There's a major "duh" moment when the day following Bill's most vicious assault, Quinn's friends and family, who have been guarding her nonstop since Bill became a threat, simply go merrily about the business of their own lives, seeming to forget that Quinn is still in dire need of protection and leaving Quinn home alone, totally vulnerable to Bill's final attack.

The reviewer fails to mention the severity and increased violence and frequency of the attacks, nor does the critic clarify that the friends are trying to protect her because the authorities refuse to do so.

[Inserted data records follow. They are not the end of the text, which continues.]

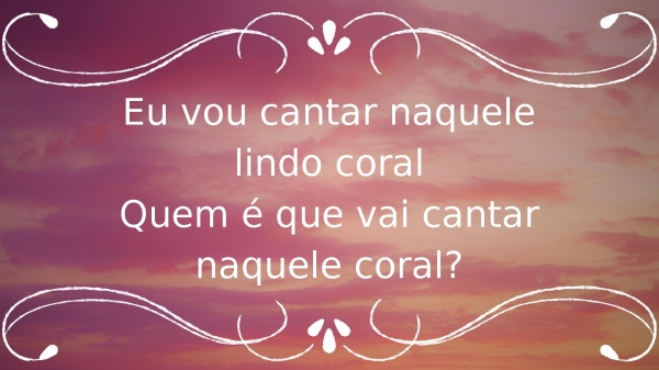 - Eu vou cantar naquele lindo coralQuem é que vai cantar naquele coral?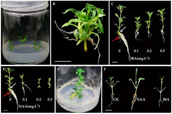Tissue culture process of Pseudostellaria heterophylla (A) Axillary buds induced after one week; (B) Four-week-old micro-shoots developed in medium supplemented with 1.5 mg·L−1 of 6-benzyladenin (BA); (C,D) In vitro rooting on Murashige and Skoog (MS) medium with different concentrations of indole-3-butyric acid (IBA) and naphthaleneacetic acid (NAA) (white arrows indicated the site of adventitious roots growth, and red arrows indicated the roots formed at the base of the stem); (E) Spindle-shaped root appeared after three months of culturing; (F) Ex vitro rooting in treatments with 100 mg·L−1 of NAA and IBA (scale = 1 cm).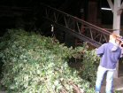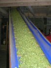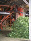 The bines are attached to the conveyor . . . | . . .which drags them into the machine . . | . . . which strips off the cones. They fall through to the moving belt below, and the waste is carried away. | |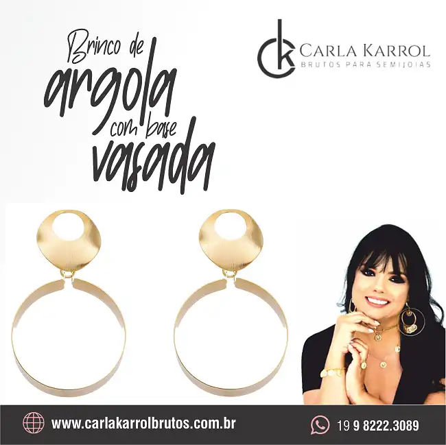 Propaganda Brinco de Argola Vazada Tipo: Propaganda para Rede Social Segmento: Joias, Semijoias, Brutos, Brincos Tema: Brinco de Argola Vazada Cliente: Carla Karrol Brutos Cores: Preto e Dourado Mensagem: Brico de Argola com base vazada. Saiba mais: www.carlakarrolbrutos.com.br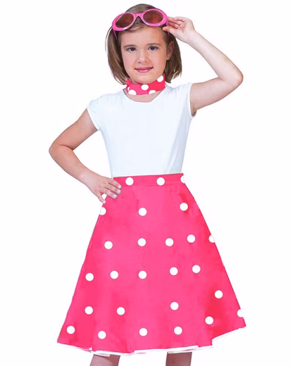 This super pretty 50s-style skirt with white polka dots is not only perfect for Mardi Gras, theme parties, or carnivals, but also makes a great summer outfit. The polka-dotted circle skirt is easily adjustable at the waist thanks to three decorative buttons, so it fits almost all children’s sizes or can be adjusted by moving a button. This great retro summer skirt with a chic scarf can also be worn with a 50s-style outfit. The rockabilly skirts are also perfect for show dance groups!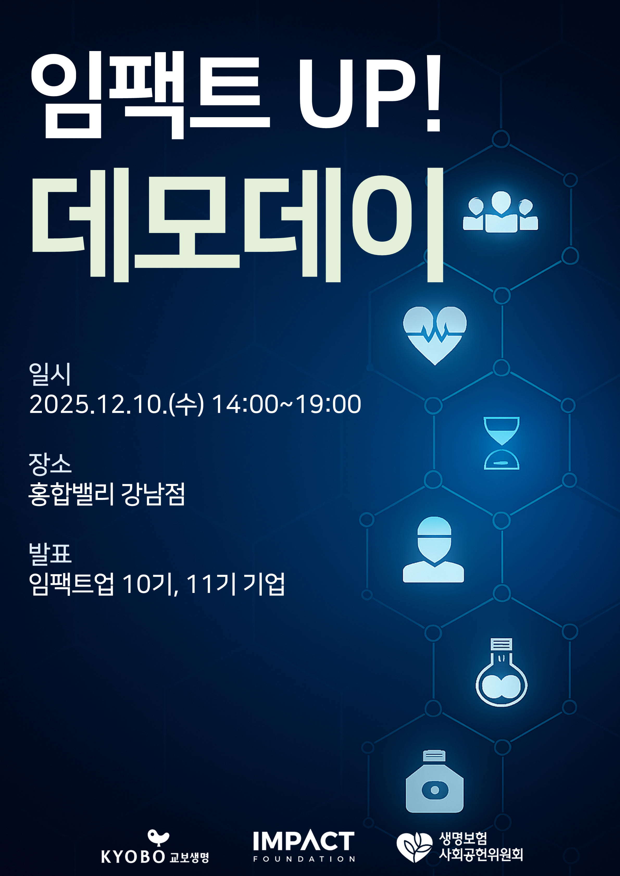 2025년 임팩트UP 사업을 빛낸 10기, 11기 총 14개 기업의 최종 데모데이, '2025 IMPACT NIGHT'을 개최합니다! 🎉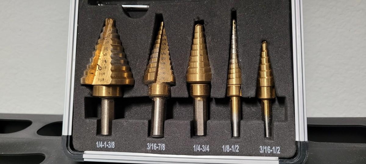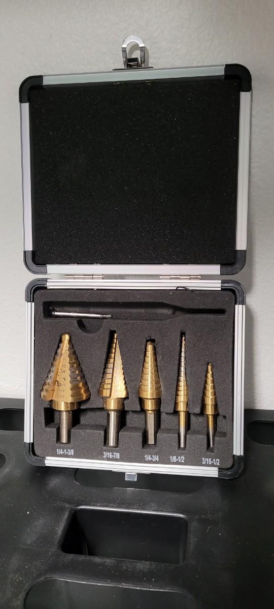 Lot 25: Titanium Coated Step Drill Bits with Case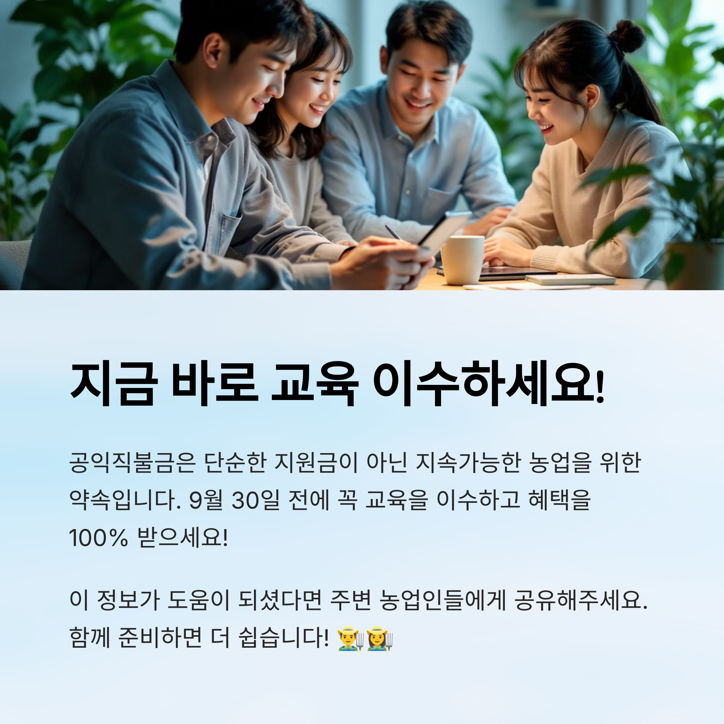 내가 생각했을 때 이 교육은 단순히 직불금을 받기 위한 의무가 아니라, 농업의 미래를 위한 준비 과정 같아요. 지속가능한 농업을 만들기 위한 농업인의 중요한 역할을 직접 느낄 수 있어요. 🌍

     From her interviews and her notes on her website, Jennifer Crusie sounds like a warm, funny person. She may even be a gifted comedic writer, but Crazy for You treats violence against women like a joke. If a man had written a comedic novel about a man involved with stalking, sabotage, fraud, attacks and abuse toward a former girlfriend, the list of critics who would have vilified him would be long indeed.

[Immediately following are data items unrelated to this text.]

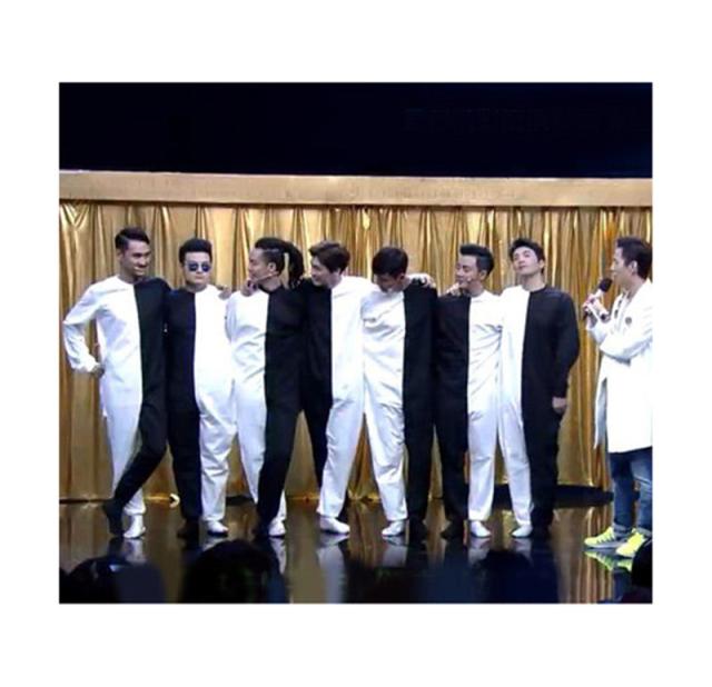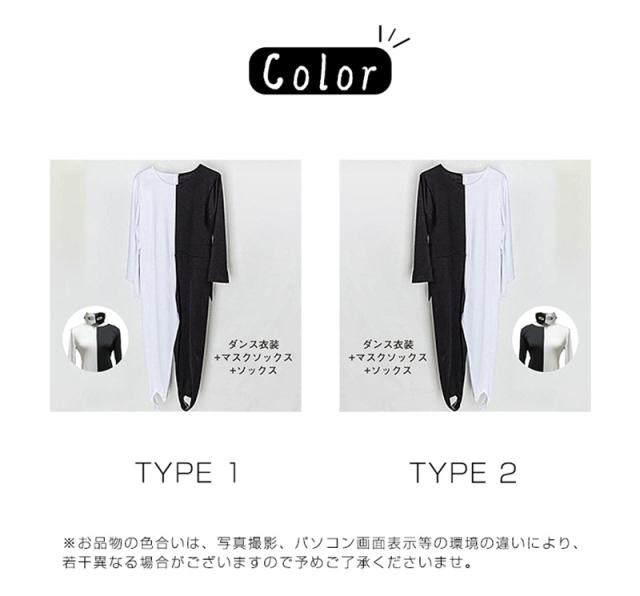 ◎例:「黒白タイツ」と「白黒タイツ」の人が隣同士にした場合など、左右異なる色を使った定番コスチュームの全身タイツです。
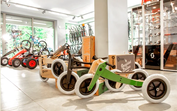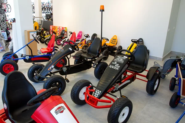 Друго нещо, което прави впечатление в магазина е, че веднага събужда детски желания за дивотии. Вътре е пълно с всякакви тротитентки – от такива за прохождащи деца до варианти за непораснали възрастни, дори за „про”-та, които правят трикове на рампа. Тротинетките са подредени по големина и съответно – възраст. Дждажа на 4 гуми, която се намира в различни размери за различни възрасти са кратовете с педали. Изгледат като ATV-та, задвижвани с човешка сила. Освен че малките са много подходящи за децата, големите могат да доведат до много забавления по паркове и поляни.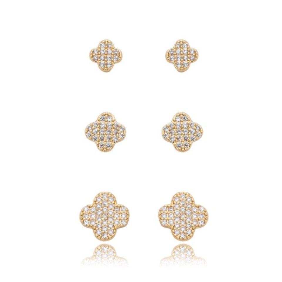 Trio de brincos zircônias confeccionado em banho de ouro 18K.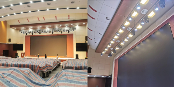 6.弘石報(bào)告廳燈光改造。為提升弘石報(bào)告廳的照明效果,滿足會議、演講、演出等活動需求,后勤處對燈光進(jìn)行了改造。根據(jù)不同場景設(shè)計(jì)了燈光布局,確保照明清晰、均勻、無陰影。采用柔和光線和合理色溫,避免眩光,提升視覺舒適度,并選用節(jié)能燈具,降低能耗。

     There are times when humor regarding certain political situations, violence and even death can be cathartic, although the events of September 11, 2001 may have changed some ideas about that. Generally, many will still admit that there is some truth in the adage about laughter being the best medicine. And many people agree that satire is a powerful tool for exposing certain issues and behaviors, including injustice, hatred and ignorance. However, if Crusie intended this to be a satire, I believe she failed. While the dialogue is funny and often sarcastic, the words and actions of the characters are realistically portrayed, without extensive satirical nuances. While Bill's behavior is certainly over the top, it doesn't seem to be exaggerated for comic or satirical value. I believe Crazy for You is what it appears to be (and what the Romance Writers of America acclaimed it as): a romantic comedy with a happy ending. It seems irrelevant to the author and many reviewers that the protagonist suffers domestic abuse while on the road to her happy ending.



1. Crusie, Jennifer. Home Page. Sept. 2001. 25 September 2001. <http://www.jennycrusie.com>

2. "Crazy for You by Jennifer Crusie." Deadly Passions. Feb. 2000. 25 September 2001. <http://www.deadlypassions.com/monthly/feb2000/0312971125.htm>

3. Crusie, Jennifer. "Crazy for You." Home Page. 25 September 2001. <http://www.sff.net/people/JenniferCrusie/CrazyForYou.html>

4. "Crazy for You." Kirkus Reviews. 1999. Reprinted at amazon.com. 25 September 2001.

5. "Crazy for You by Jennifer Crusie." Under the Covers. Feb. 1999. 25 September 2001. <http://www.silcom.com/~manatee/crusie_crazy.html>

6. "Case Report: Crazy for You by Jennifer Crusie." Kiss Me Kill Me Thrill Me. 17 March 2001. 25 September 2001. <http://www.kissmekillmethrillme.com/Reviews/jennifercrusie.html>

Work Cited

Crusie, Jennifer. Crazy for You. New York: St. Martin's, 1998.